Atlantischer Hering – Fisch des Jahres 2021

Was hat der norddeutsche Fischkopf jetzt mit uns zu tun, werden Sie vielleicht sagen, wenn Sie hören, wer der Fisch des Jahres 2021 ist: der Atlantische Hering. Doch der Hering ist für uns ‚Süßwasser-Schniarlwascher‘ interessanter, als es auf den ersten Blick scheinen mag.

Der clupea harengus, wie er auf Lateinisch heißt, lebt im Nordatlantik und dort bis zu einer Tiefe von 360 Metern. Er wird bis zu 45 Zentimetern lang und einem Kilogramm schwer. Der Körper des Herings ist silbrig hell, nur der Rücken ist in ein dunkles Stahlblau bzw. Grün getaucht. Dunkel ist auch die tief gegabelte Schwanzflosse und die Rückenflosse. Die anderen Flossen sind weißlich. Verblüffend ist seine Ähnlichkeit mit der Mairenke, die allerdings deutlich kleiner ist. Mit seinen Kiemenreusen filtert der Hering Plankton, Krebstiere und Fischlarven aus dem Wasser. Die Weibchen laichen im Frühjahr im Flachwasser. Sie legen bis zu 50.000 Eier, woraus etwa zwei Wochen später die Larven schlüpfen.

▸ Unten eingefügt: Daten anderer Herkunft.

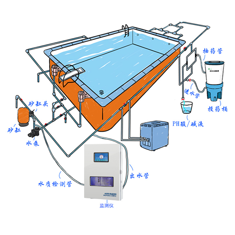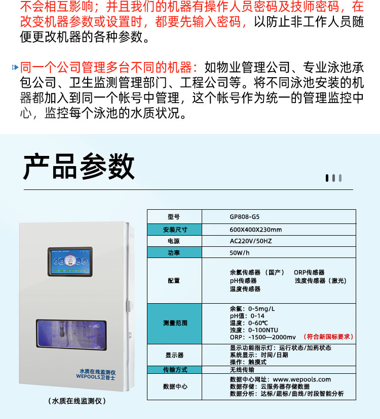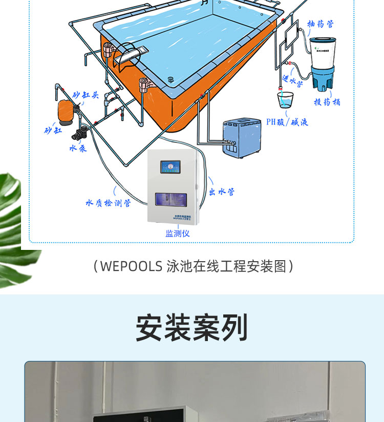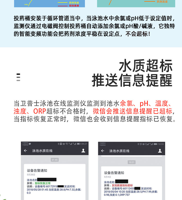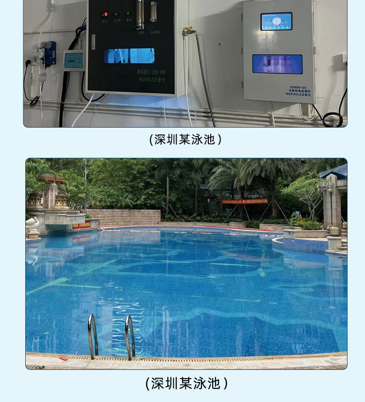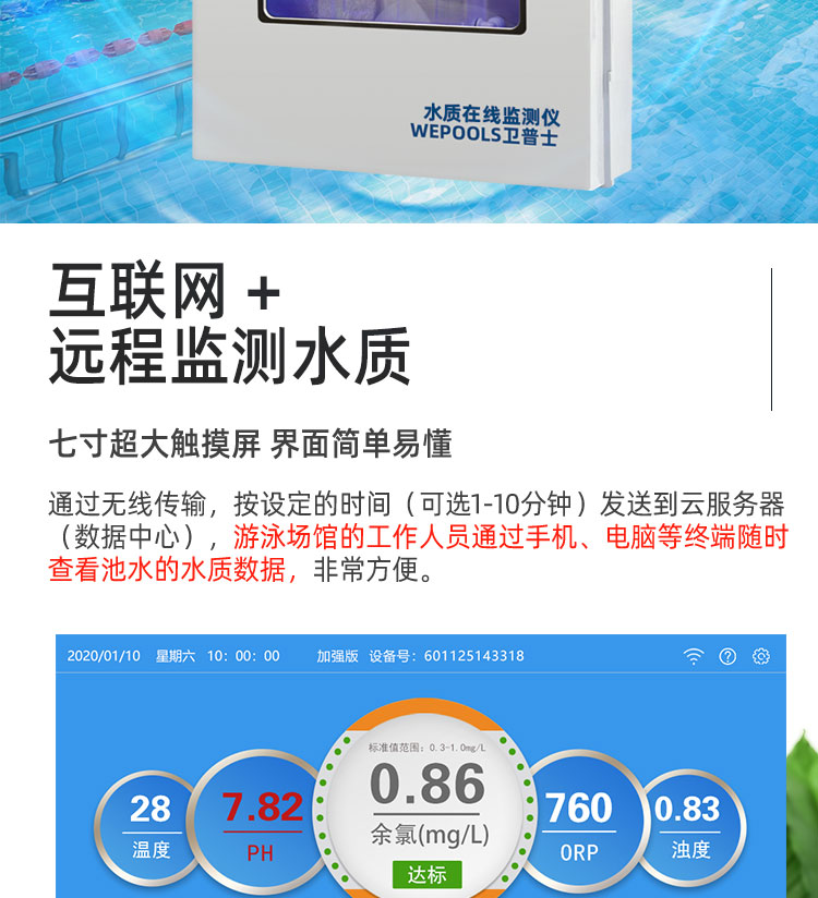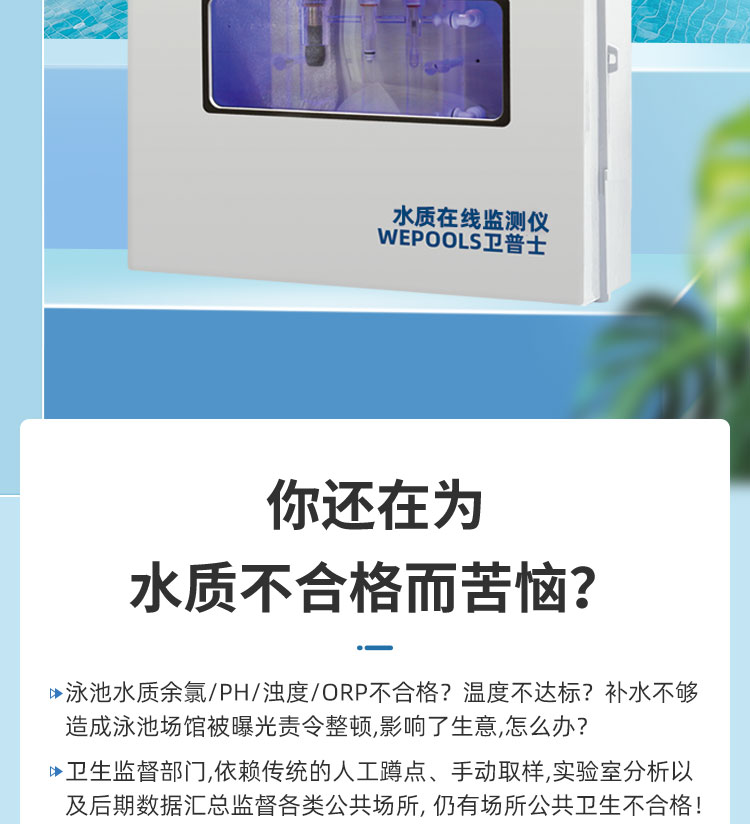 WEPOOLS 衛普士水質在線監測儀是一款實時在線監測泳池水質余氯/pH/濁度/ORP/溫度的監測儀。它與時俱進,符合新國標GB 37487-2019《公共場所衛生管理規范》、GB 37488-2019《公共場所衛生指標及限值要求》、GB 37489.3-2019《公共場所設計衛生規范第3部分:人工游泳場所》等三個國家標準的要求;它自動加(停)藥,保證水質余氯及PH達標,系統自動化加(停)藥控制系統,能根據當前檢測結果,自動調節加藥頻率,可以確保泳池水的余氯不隨天氣、泳客人數等因素變化的影響,保持池水余氯的相對穩定且符合標準,從而保證水質衛生。從根本上解決了A、人工加藥無法準確定量的問題;B、人工加藥無法達到均勻的問題;C、人工加藥無法持續不斷添加的問題;它自動傳輸信息和自動預警,使用單位、衛監部門可隨時掌握水質的動態變化和接收預警,敦促泳池工作人員加強水質管理,確保池水各項衛生指標在國家標準的限值范圍內。;它實現泳客的知情權,社會的監督權,泳池水質各項指標的實時監測結果會傳輸到顯示屏上對外公布,讓泳客對原本摸不著、看不見的水質狀況變為看得到、看得清的、實實在在的數據!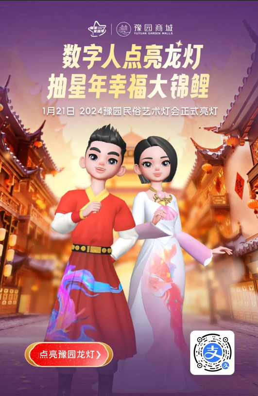 其中,豫园率先在线下商圈运用支付宝开放的亚运开幕式同款“AR互动+数字人”技术,打造了全球首个数字人参与亮灯的数字灯会。截至目前,超100万人次通过支付宝点亮龙灯祈福、用AR扫码体验虚实结合的“山海奇豫”;逾150万人观看豫园AR直播,足不出户也能观赏豫园灯会,体验豫园热闹年景;非凡 旗下老庙通过支付宝端线上直播,销售额累计超6000万,年货节期间单场直播就拿下近900万销售额。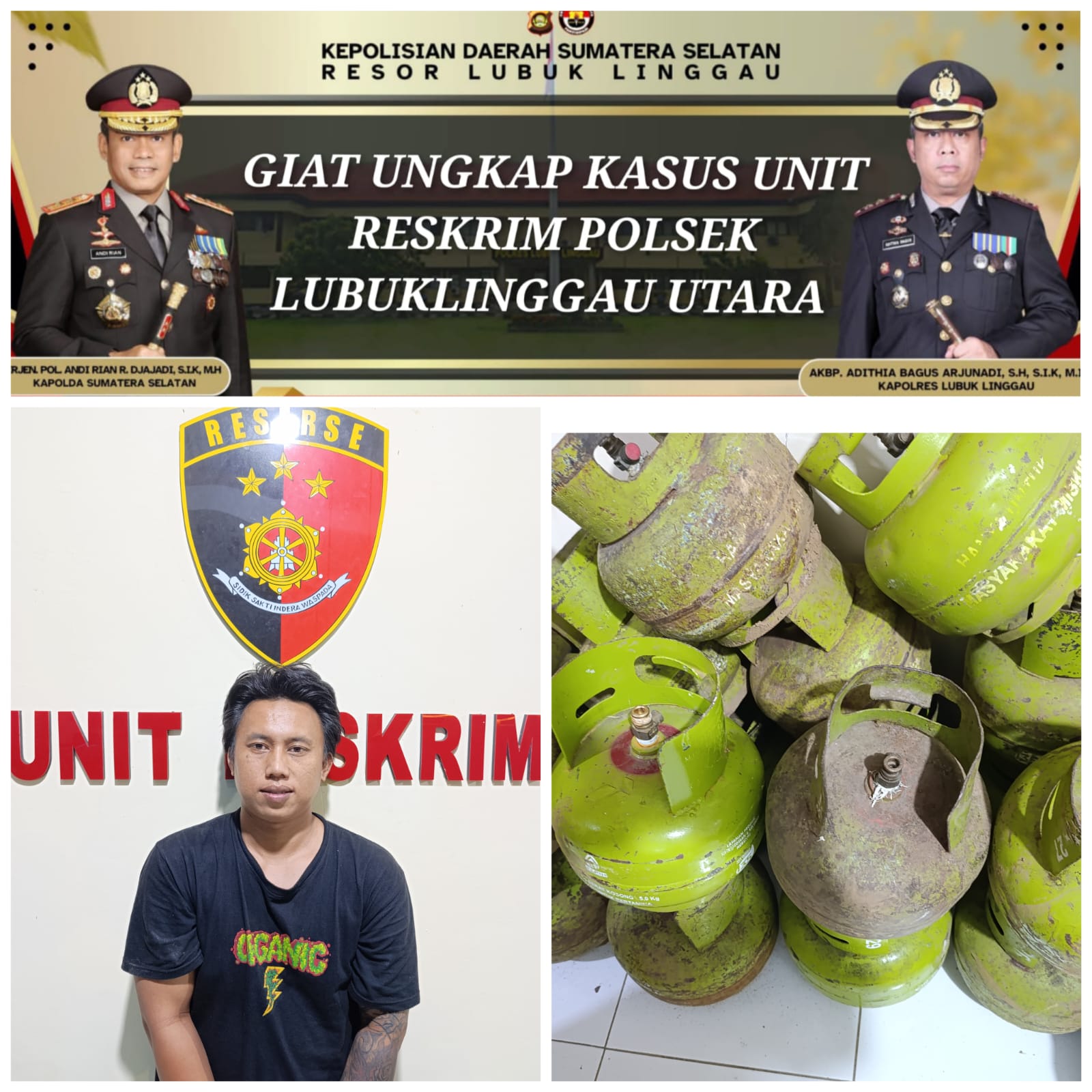 “Akibat peristiwa tersebut korban mengalami kerugian sebanyak 31 tabung gas 3kg yang ditafsir dengan uang senilai Rp6,2 juta”, ujarnya. Setelah laporan korban diterima, kemudian Anggota Unit Reskrim Polsek Lubuk Linggau Utara 1 langsung melakukan cek TKP. Dari oleh TKP ditemukan tempat membawa tabung gas hasil curian tersebut, Kemudian dan dilakukan interogasi beberapa orang yang sedang berada di sekitar TKP dan diperoleh informasi dan identitas pelaku. Selanjutnya pelaku berhasil diamankan.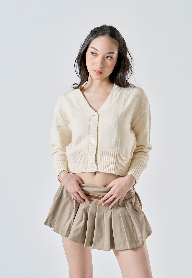 Miyabi Cream Knitted Low Neck Button Down Long Sleeves Crop Top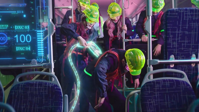 影片明确地选取当下流行的“赛博朋克”艺术风格,提炼出其中的“科技化”、“未来感”元素和宇通工厂的生产线上的机械之美相结合,再加入街舞和电音派对的内容充实人和车的场景化关系,用“足球对抗”的方式,既丰富了片中人物的形象,也能成功地和世界杯的主题相契合。可以说,这部片子的出炉是新媒体时代广大网友共同期待的效果。

Der Atlantische Hering lebt in Schwärmen, deshalb ist er auch eine zentrale Nahrungsquelle für Dorsche, Thunfische, Makrelen, Robben, Wale oder auch Möwen. Als wichtiger Futterfisch trägt er so zum Erhalt des Ökosystems im Salzwasser – und indirekt auch im Süßwasser – bei. Die erhöhte Wassertemperatur infolge des Klimawandels vor allem in der Ostsee gefährden die Bestände dort und damit auch die Bestände der Fische und Vögel, die sich vom Hering ernähren.

Der Fisch des Jahres ist aber diesmal dennoch keine bedrohte Fischart wie die Nase oder der Huchen – ganz im Gegenteil: Der Atlantische Hering ist einer der häufigsten Fische überhaupt auf der Welt. Doch auch das war nicht immer so. Den Hering fängt man seit Menschengedenken und in den Zeiten der Hanse war er ein wichtiges Handelsgut. Ab etwa 1200 wurde er deswegen auch so stark befischt, dass er ab 1500 fast vollständig aus der Ostsee verschwunden war. Das war mit ein Grund für den Abstieg der Hanse und den Aufstieg niederländischer Staaten, die den Hering in der Nordsee noch fangen konnten. Später erholten sich die Bestände wieder. Lange Zeit war der Hering sogar so billig, dass er als Arme-Leute-Essen verstanden wurde. Aber Überfischung und Umweltverschmutzung machten ihm im 20. Jahrhundert wieder zu schaffen – das führte unter anderem zu den sogenannten Kabeljaukriegen. Island und einige EU-Staaten stritten zwischen 1958-1975 heftig um ihren Einfluss im Nordatlantik. Internationale Verträge trugen aber zu einer Entspannung der Lage und einer Sicherung der Bestände des Herings bei, ganz im Gegensatz zu denen des Kabeljaus übrigens.

Sie sehen, der Hering ist schon seit Jahrhunderten ein beliebter Speisefisch. Er hat gute Nährwerte, enthält Selen und Jod und wird etwa zu Matjesfilet verarbeitet. Wenn Sie also auf dem Oktoberfest nächstes Jahr eine Fischsemmel essen, dann kann es gut sein, dass Sie gerade den Fisch des Jahres 2021 verspeisen.